TASK STATEMENT:
I need the lines below from the one with "Hodeay 230W Slim" down to the one with "2024-2025学年下学期 双语学习报 高一 W版天津专版第35期答案" reproduced exactly, both ends included, and nothing else.
[RECORDS PROVIDED Boundary: Start]
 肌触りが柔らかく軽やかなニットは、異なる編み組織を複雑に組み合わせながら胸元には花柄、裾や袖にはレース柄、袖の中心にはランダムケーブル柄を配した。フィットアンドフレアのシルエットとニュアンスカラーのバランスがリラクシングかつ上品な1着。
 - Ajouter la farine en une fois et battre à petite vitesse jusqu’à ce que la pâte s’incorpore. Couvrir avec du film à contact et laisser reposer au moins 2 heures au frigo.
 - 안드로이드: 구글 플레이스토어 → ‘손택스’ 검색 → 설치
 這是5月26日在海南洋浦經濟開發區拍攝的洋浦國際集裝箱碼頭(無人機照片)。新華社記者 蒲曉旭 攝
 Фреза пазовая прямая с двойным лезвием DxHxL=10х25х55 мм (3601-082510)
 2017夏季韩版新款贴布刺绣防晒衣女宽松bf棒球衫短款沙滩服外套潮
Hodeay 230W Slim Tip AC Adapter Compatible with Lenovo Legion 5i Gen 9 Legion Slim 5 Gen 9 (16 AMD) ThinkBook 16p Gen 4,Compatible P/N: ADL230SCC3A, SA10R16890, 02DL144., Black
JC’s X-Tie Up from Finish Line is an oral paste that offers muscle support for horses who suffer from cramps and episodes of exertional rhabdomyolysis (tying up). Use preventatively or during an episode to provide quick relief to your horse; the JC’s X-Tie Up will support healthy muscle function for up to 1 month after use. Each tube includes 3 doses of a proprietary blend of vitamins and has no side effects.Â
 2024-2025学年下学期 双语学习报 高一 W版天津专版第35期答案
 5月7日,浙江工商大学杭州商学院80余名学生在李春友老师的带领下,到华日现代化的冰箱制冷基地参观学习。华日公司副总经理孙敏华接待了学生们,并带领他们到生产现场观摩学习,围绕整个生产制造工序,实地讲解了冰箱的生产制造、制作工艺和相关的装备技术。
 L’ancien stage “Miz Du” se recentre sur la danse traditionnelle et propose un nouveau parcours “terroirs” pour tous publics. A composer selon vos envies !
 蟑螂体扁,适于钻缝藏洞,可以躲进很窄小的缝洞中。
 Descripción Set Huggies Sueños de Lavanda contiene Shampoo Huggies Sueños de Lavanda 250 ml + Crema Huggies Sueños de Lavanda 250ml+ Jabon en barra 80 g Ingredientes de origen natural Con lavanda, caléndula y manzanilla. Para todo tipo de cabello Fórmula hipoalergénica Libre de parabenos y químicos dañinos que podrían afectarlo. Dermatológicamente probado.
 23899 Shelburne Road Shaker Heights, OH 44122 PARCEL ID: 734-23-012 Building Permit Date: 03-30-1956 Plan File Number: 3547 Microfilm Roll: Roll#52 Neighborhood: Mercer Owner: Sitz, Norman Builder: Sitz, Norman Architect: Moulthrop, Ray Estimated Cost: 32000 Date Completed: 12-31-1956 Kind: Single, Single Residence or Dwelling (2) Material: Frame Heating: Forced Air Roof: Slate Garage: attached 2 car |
[RECORDS PROVIDED Boundary: End]
EXERCISE OUTPUT:
Hodeay 230W Slim Tip AC Adapter Compatible with Lenovo Legion 5i Gen 9 Legion Slim 5 Gen 9 (16 AMD) ThinkBook 16p Gen 4,Compatible P/N: ADL230SCC3A, SA10R16890, 02DL144., Black
JC’s X-Tie Up from Finish Line is an oral paste that offers muscle support for horses who suffer from cramps and episodes of exertional rhabdomyolysis (tying up). Use preventatively or during an episode to provide quick relief to your horse; the JC’s X-Tie Up will support healthy muscle function for up to 1 month after use. Each tube includes 3 doses of a proprietary blend of vitamins and has no side effects.Â
 2024-2025学年下学期 双语学习报 高一 W版天津专版第35期答案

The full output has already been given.